Кружево Парижа - Джорджиа Кауфман
Шрифт:
Интервал:
Закладка:
Я остолбенела, но пламя злости во мне еще не погасло.
– В самом начале ты сказал, что хочешь знать все, провести необходимое исследование, – сказала я ему вслед. – Ну, теперь ты знаешь обо мне все. Взгляни хорошенько.
Он вернулся в гостиную.
Я взбила волосы и подняла лицо без макияжа. Весь гламур был удален начисто.
– Ты раскрыл все мои секреты. Вот такая я на самом деле. Надеюсь, ты доволен.
Глава 26. Масло для ванн
Я так волнуюсь, думая о сегодняшнем вечере, словно пытаюсь развалить дело своими руками и никогда не подготовлюсь к встрече. Чего бы я ни коснулась, воспоминания тут как тут. Я так долго стою здесь и задерживаю тебя болтовней о прошлом. Кто бы мог подумать, что я так разнервничаюсь после всего, через что прошла? Не знаю, успею ли принять ванну, ma chère, но ты права, нервишки расшалились, так что приму по-быстрому. Открой воду, пока я выберу хорошее масло.

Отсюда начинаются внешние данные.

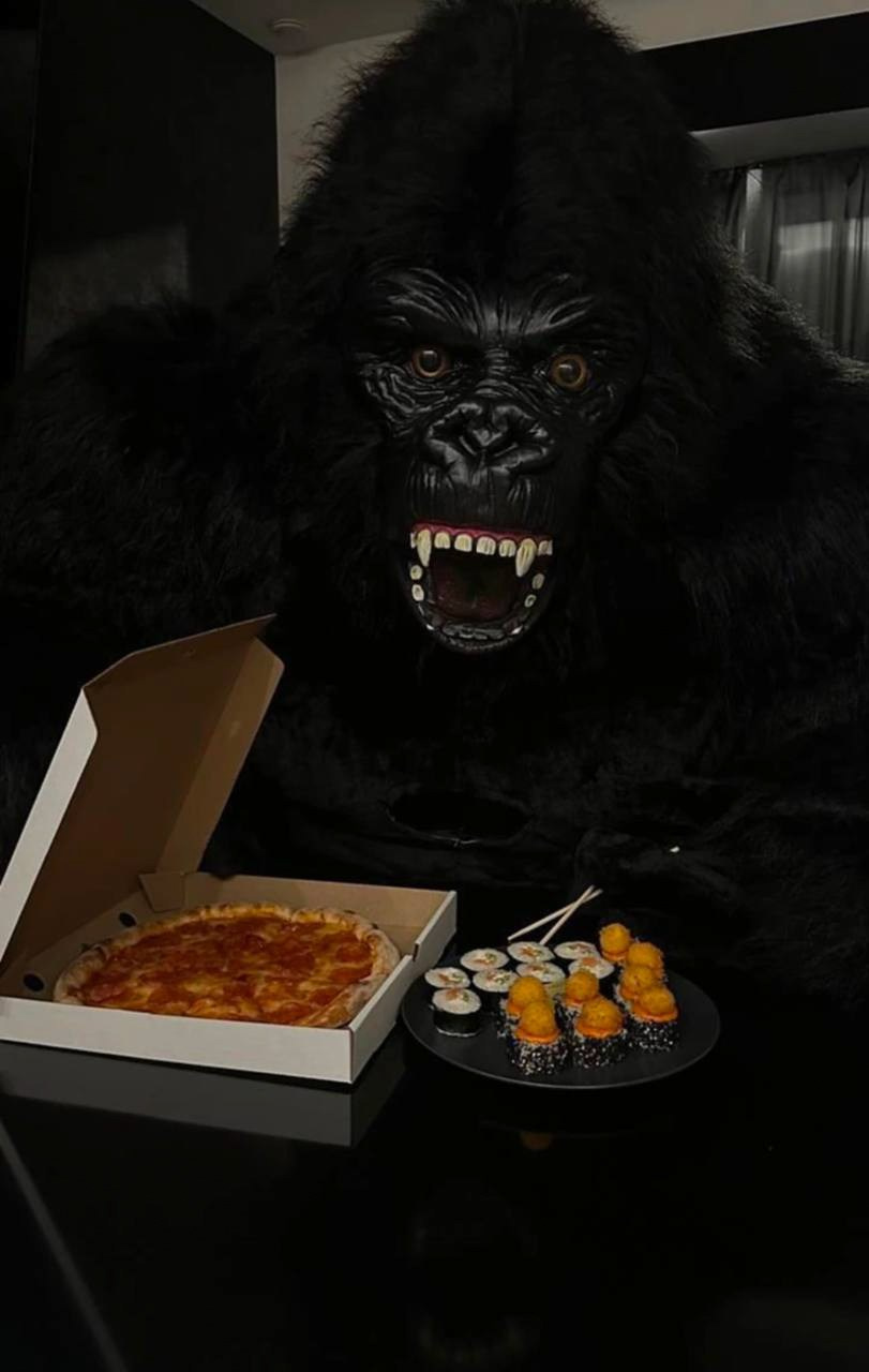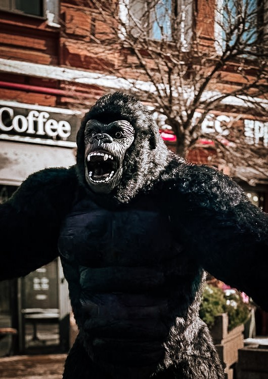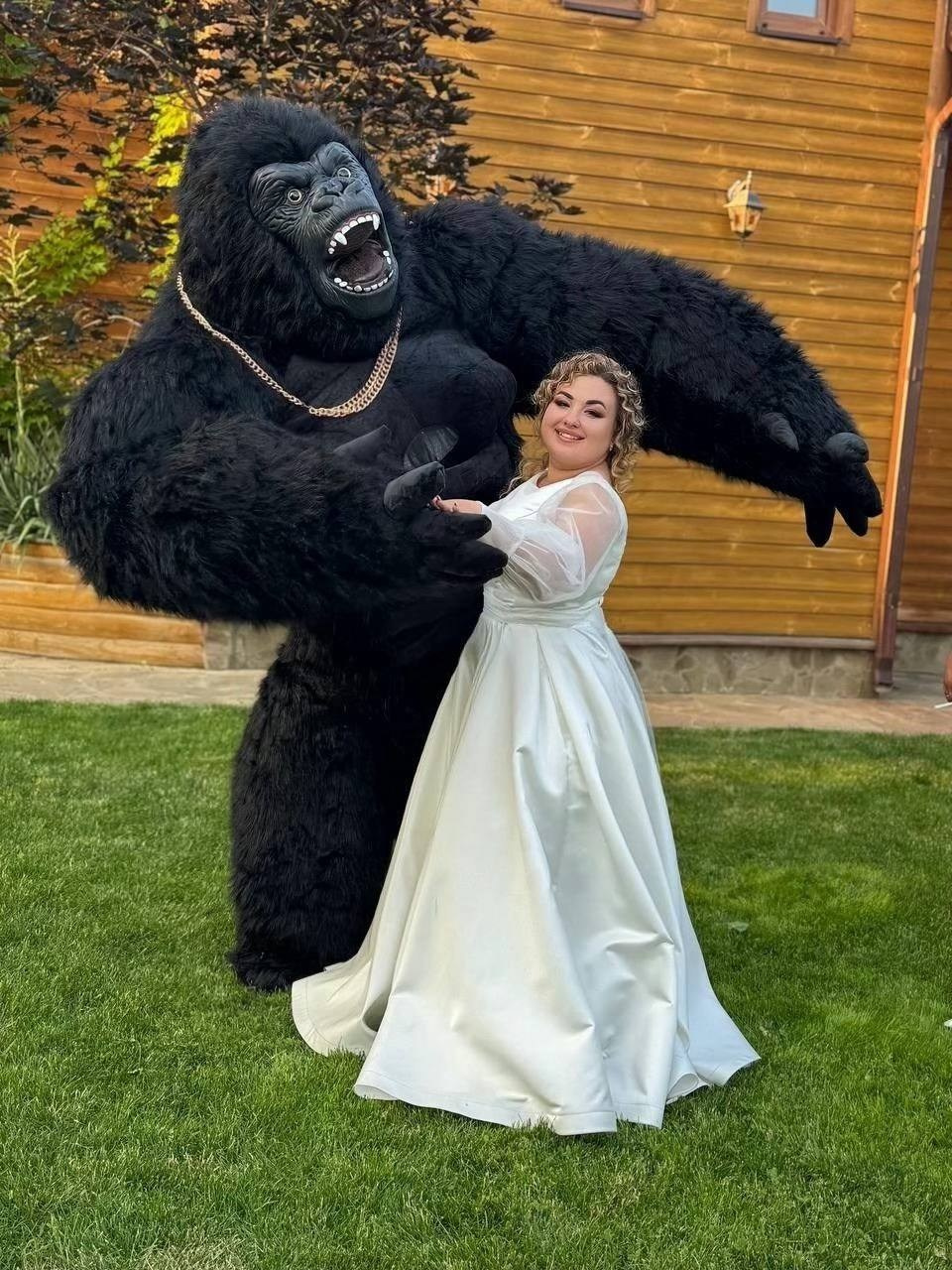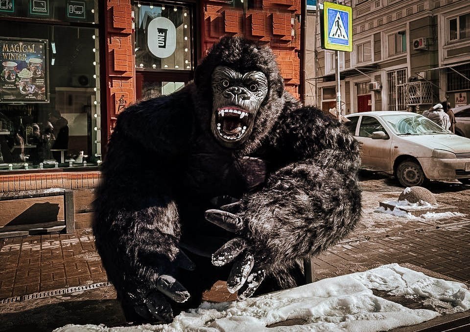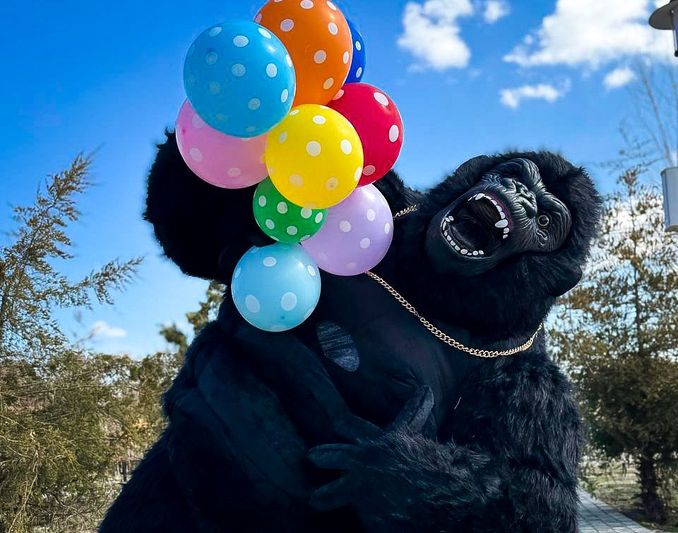ростовая кукла горилла позирует на фото с фотографом Марина Ковалёва в городе Волгодонске

Сегодня нужно что-нибудь успокаивающее. Слушай, в этом флаконе миндальное масло – добавлю его и несколько капель эфирных, по настроению. Да, ma chère, герань для бодрости и бергамот, чтобы успокоиться. Сейчас забавно вспоминать, что в детстве я знала только один рецепт красоты: миндальное масло нужно втирать в кожу, чтобы избежать растяжек при беременности. Во время войны его было не достать, и это был повод для беспокойства, а сейчас я могу добавлять его сколько хочу, как возлияние богам красоты и отдохновения. Взгляни, что оно творит с кожей – совсем неплохо для женщины шестидесяти трех лет. Так хочется произвести приятное впечатление. Интересно, мы поцелуемся или обойдемся рукопожатием?
Прошлый раз я так нервничала, когда герр Торманн привез нас на узкую улицу с высокими ветхими домами в бывшем еврейском квартале в районе Монбижуплац около синагоги в Восточном Берлине. Оказывается, днем раньше я бродила неподалеку. Торманн вышел из машины и открыл мне дверцу, но я не могла сдвинуться с места.
У меня не было сил. Я сидела в машине, вдыхая тяжелый запах одеколона, и меня охватывала паника вплоть до потери сознания.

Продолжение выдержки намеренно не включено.